Michael Alin, Executive Director
The American Society of Interior Designers
608 Massachusetts Ave., NE
Washington, D.C., 20002

Dear Mr. Alin:

Over the last several years, we have watched as ASID has recklessly spent our dues and MANDATORY legislative assessments on a failed policy falsely proclaiming to “raise the level of the profession” and to cull what you have decided are the “real designers” from those not following the path you dictate. The legislation you support has requirements so restrictive that most designers would not be able to comply and will therefore be denied the right to practice.

Over and over… we have watched as ASID’s president, members and board repeatedly mislead their own ASID colleagues about the EFFECT of legislation on our right to practice, while currying support from the very designers who would be put out of business by your legislative actions. And we have listened as Allied Members were described as the “Cash Cows” of the organization – too stupid to understand that we were being used to fund our own demise.

Over and over… we have watched as ASID betrayed its own ethics to push its own agenda – an ego-driven agenda that has the potential to destroy more than half of its own membership.

Over and over… we have listened as ASID members said sweetly, “We’re not trying to put you out of business.” [Subtext: as long as you forego your practice to go back to school for at least 2 years, do a supervised internship with an NCIDQ certified designer – if you can find one who also happens to be hiring – and intern from two to five years while being paid virtually nothing; then if you have any money left, pay about $2000 to take step workshops, purchase study materials, and take and pass the NCIDQ test (which is rarely passed on the first attempt), and then prove to the satisfaction of your own competitors that you actually are a designer, and comply with any regulations they happen to write.] But nobody’s trying to put you out of business; after all, there’s grandfathering. And from what we’ve seen of the way “grandfathering” is often written into the legislation, that’s just as bogus a claim as the rest of the pro-legislation argument.

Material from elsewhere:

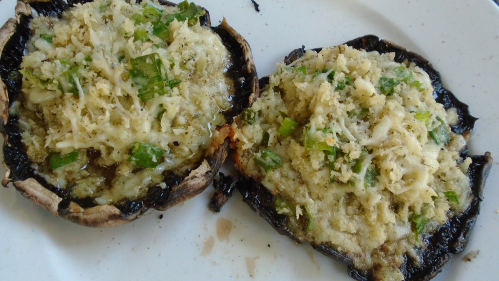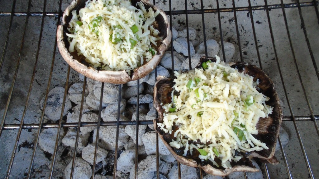 Pack the center of the mushrooms with the stuffing, leaving a little room on the edges. Place the mushrooms on the hot grill and cook until the cheese melts and bubbles, (about 5 minutes). Remove from the grill, squirt a little lemon juice on the mushrooms and serve warm.

Legislators have told us that representatives (either ASID and/or IIDA members) have misrepresented the content, objectives and design support for their legislation while governors of four states have clearly understood it to be anticompetitive and protective.

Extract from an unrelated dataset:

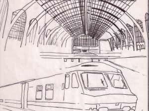 Collage of pen and ink drawings with digital illustration, based on photographs taken while on vacation.

In states where practice acts have been enacted, designers have suffered terribly – persecuted for what they have done successfully for years, sustaining huge fines and legal fees for miniscule “infractions” and in some cases, bankrupted and driven out of the state in order to earn a living.

Florida designers bear witness to the travesty of your actions, and we hear more and more from them every day. The disgraceful behavior of Florida ASID members who deliberately work to expose and report their own members, as well as others, and help to put them out of business tells us what we need to know about ASID as an organization and about how legislation really works to
destroy designers’ rights to practice. And Florida is not the only state where this happens or has happened: try Alabama, Texas, New Mexico, Connecticut and others.

There are estimated to be between 200,000 and 400,000 interior designers in practice in the U.S. today. ASID claims membership of only about 20,000 practicing designers, the majority of
whom don’t even care about “raising the level of the profession”. Many are not even aware of your legislative agenda. They just want to practice design successfully as they always have.

We have personally spoken to Allied designers all across the country, and have found the vast majority to be opposed to your actions. As we’ve said before: the only designers who benefit from your tactics are the so-called professional designers who have passed the NCIDQ – and those are few and far between.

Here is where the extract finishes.